SUBROUTINE async_example(my_data, my_result, cnt)
INTEGER my_data[cnt], my_result[cnt]
INTEGER(INT_PTR_KIND()) my_data_loc, my_result_loc
my_data_loc = LOC(my_data)
my_result_loc = LOC(my_result)
!DIR$ OFFLOAD_TRANSFER TARGET(mic:0) &
IN(my_data : LENGTH(cnt) ALLOC_IF(.true.) FREE_IF(.false.)) &
NOCOPY(my_result : LENGTH(cnt) ALLOC_IF(.true.) FREE_IF(.false.))&
...do some work on the host here...
!DIR$ OFFLOAD BEGIN TARGET(mic:0) WAIT(my_data_loc) SIGNAL(my_result_loc) &
NOCOPY(my_data : ALLOC_IF(.false.) FREE_IF(.false.)) &
OUT(my_result : ALLOC_IF(.false.) FREE_IF(.false.))

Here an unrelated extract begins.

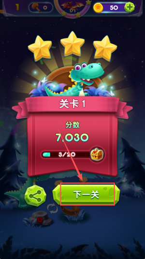 4、最后,完成关卡后点击“下一关”按钮继续游戏。

...do your offloaded work here...
!DIR$ END OFFLOAD
...do some work on the host here...
!DIR$ OFFLOAD_TRANSFER TARGET(mic:0) WAIT(my_result_loc) &
NOCOPY(my_data, my_result : ALLOC_IF(.false.) FREE_IF(.true.))
END SUBROUTINE async_example
Vectorizable Functions and Subroutines
The Intel Fortran Compiler provides a method for writing vectorizable functions and subroutines. Known as SIMD-enabled functions and subroutines, they are written using the vector attribute:
SUBROUTINE MY_SIMD_ROUTINE(dummy1, dummy2, etc)
!DIR$ ATTRIBUTES VECTOR :: MY_SIMD_ROUTINE
END SUBROUTINE MY_SIMD_ROUTINE
These types of procedures can be used on the Intel Xeon Phi coprocessor as well as the Intel Xeon processor.
For code which is run in offload mode, a vectorizable function or subroutine must have the offload attribute, the same as for any other procedure.
When using the vector attribute, it is not necessary to add the vector attribute directive to both the procedure definition and to the procedure call if both are in the same file. However, it is not an error to do so. When the procedure definition and procedure call exist in separate files, the vector attribute directive must be used in both locations. For the offload attribute, the offload attribute directive must always be specified both in the procedure definition and before the procedure call. Therefore the following is recommended when using the vector attribute:
1) Add the offload attribute to the attributes directive:
!DIR$ ATTRIBUTES VECTOR, OFFLOAD:mic :: MY_SIMD_ROUTINE
If desired, you can also add the architecture type to the vector attribute. If you do so, be sure to specify the architecture for both the processor and the coprocessor:
!DIR$ ATTRIBUTES VECTOR:(PROCESSOR(core_2nd_gen_avx),PROCESSOR(mic)), OFFLOAD:mic :: MY_SIMD_ROUTINE
2) Place the directive immediately after the SUBROUTINE or FUNCTION statement and inside each procedure that calls this SUBROUTINE or FUNCTION.
Much of the documentation for array notation on the coprocessor uses Intel CilkPlus array notation. Fortran programmers should take heart - the version of array notation in Fortran uses the Fortran standard array notation, not the Intel CilkPlus array notation. Therefore, in the offload statement
!dir$ offload begin in(foo(1:6:2))
the meaning of foo(1:6:2) is: from element 1 to element 6 with a stride of 2, as a Fortran programmer would expect.